Berenice returns to Tufts Medical Center

Last Wednesday (March 14th) baby Berenice spent 7 hours in the cath lab. Unfortunately, the doctors were unable to complete the catheterization. Yesterday, Berenice was re-admitted to the hospital and this morning she is undergoing open heart surgery to repair her pulmonary and tricuspid valves. It has been nearly two hours since she entered the OR,  and we have many more hours to wait. Thankfully, Berenice’s aunt Digna and her cousin Gabriel have arrived from Pennsylvania and are waiting with me. We just spoke with Berenice’s mother, who is back home in La Lima waiting for news. We are comforted knowing there are people from many faiths and cultures, praying here and in Honduras…Baby B is surrounded by much love!

The Waiting Is Almost Over

Berenice
It’s been six months since we first heard about Berenice Elizabeth and her need for cardiac surgery. I have worked with Lori Cordova, RN on other medical cases, and she wrote asking for help for this infant she had met during one of her cardiac brigades in San Pedro Sula. A week from today, Lori will arrive with nine month old Berenice. We are anxiously awaiting their arrival and finally meeting each other in person.

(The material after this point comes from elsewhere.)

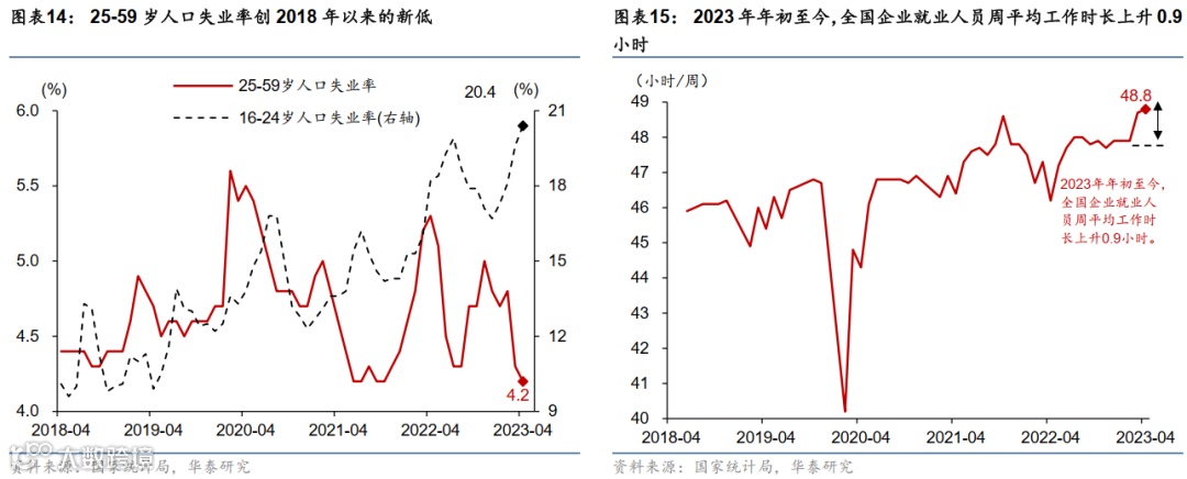 与其他国家疫情后复苏的经验相比,中国经济复苏后劳动参与率和产能回升较快,但收入和需求回升总体偏慢。纵观全球,虽然防疫政策优化后中国内需随之快速反弹,但比较其他国家重启的经验,中国也呈现不同的特点。一方面,国内工业生产、就业、和供应链效率的回升显然比其他国家更为迅速、高效。但另一方面,内需恢复动力不足,居民储蓄意向持续偏高,收入和消费回升持续性不足,由此,对其他经济部门的正向溢出效应也有待加强。收入方面,低基数下2023年1季度名义可支配收入同比增长5.1%,与名义GDP基本持平。然而,用2022-23两年复合增速衡量,1季度居民可支配收入增长仅为5.7%,不及名义GDP两年复合6.9%的增长率,显示劳动者薪酬占GDP的比例呈下降趋势,这与其他国家走势有所不同。图表14显示,目前25岁-59岁劳动力失业率已经位于2018年以来历史低点,而25岁以下失业率达到历史高点,就业数据显示劳动力市场明显分化,但劳动参与率仍然居高不下,和其他国家疫情后的表现有所不同。同时,图表15显示,今年以来中国居民的周度工作时长上升了2%左右,而其他国家和疫前水平总体持平,显示居民就业动力较强,但企业扩张动力不足,可能反映企业对长期发展、投资、扩张的信心有待进一步巩固。

We are thankful to Lori who will be flying from her home in Virginia to Honduras on Thursday and helping Berenice’s family through the tearful goodbye; reassuring them that she will be well cared for and return in two months, with a repaired heart. It’s impossible to comprehend what her parents will be going through emotionally, and we’re grateful for their faith in us…strangers, living in another country. Once again, we realize how fortunate we are to be living in Boston, a medical mecca, and the generosity we receive from Ken Warner, MD and the folks at Tufts Medical Center, as well as the financial support from the Ray Tye Medical Aid Foundation. Without their help, this wouldn’t be possible.

“It takes a village…”

Verinice

It certainly does “take a village to raise a child”, and in this situation, to save a child’s life. Lori Cordova, RN and coordinator of the Friends of Barnabas Foundation’s cardiac medial brigades in Honduras, met Berenice Elizabeth last September. At that time, the cardiologists realized she had pulmonary stenosis and would need open heart surgery. Although they were able to operate on many other children, it was determined she would need to travel to the states for this operation.

Lori was introduced to me by Peggy Kipps, executive director of the Ruth Paz Foundation in San Pedro Sula. Peggy and I have known each other for several years and have worked together with many patients in Honduras, and also many who have traveled to Boston for medical treatment.

Esperanza has brought two other cardiac patients to Boston for treatment, so once again I turned to our trusted friends at Tufts Medical Center and The Ray Tye Medical Aid Foundation. Working with Deb Bunk,P.A. and Ken Warner, MD at Tufts, they reviewed Berenice’s medical reports and determined this was a child they could help. Dr. Warner has generously offered to donate his services free of charge.

The application for RTMAF was completed, which includes information regarding the patient and a cost estimate from Tufts. Terri Carlson informed us that Vernice’s case has been accepted! We are now in the process of obtaining Berenice’s medical visa which requires letters from Tufts, RTMAF, Tom and Emily Collins (temporary legal guardians/host family), as well as a letter from a Honduran doctor stating the operation couldn’t be done within country, a letter from the Ruth Paz Foundation (well known with the U.S. Embassy), legal authorization from Berenice’s parents allowing Lori Cordova to transport the baby and for the Collins’ to have (temorary) custody. The family will also need a notorized letter giving the Collins’ the ability to authorize medical treatment.

We are anxiously awaiting 8 month old Berenice’s arrival at the end of February. Our gratitude to each and everyone who is offering this child the gift of life.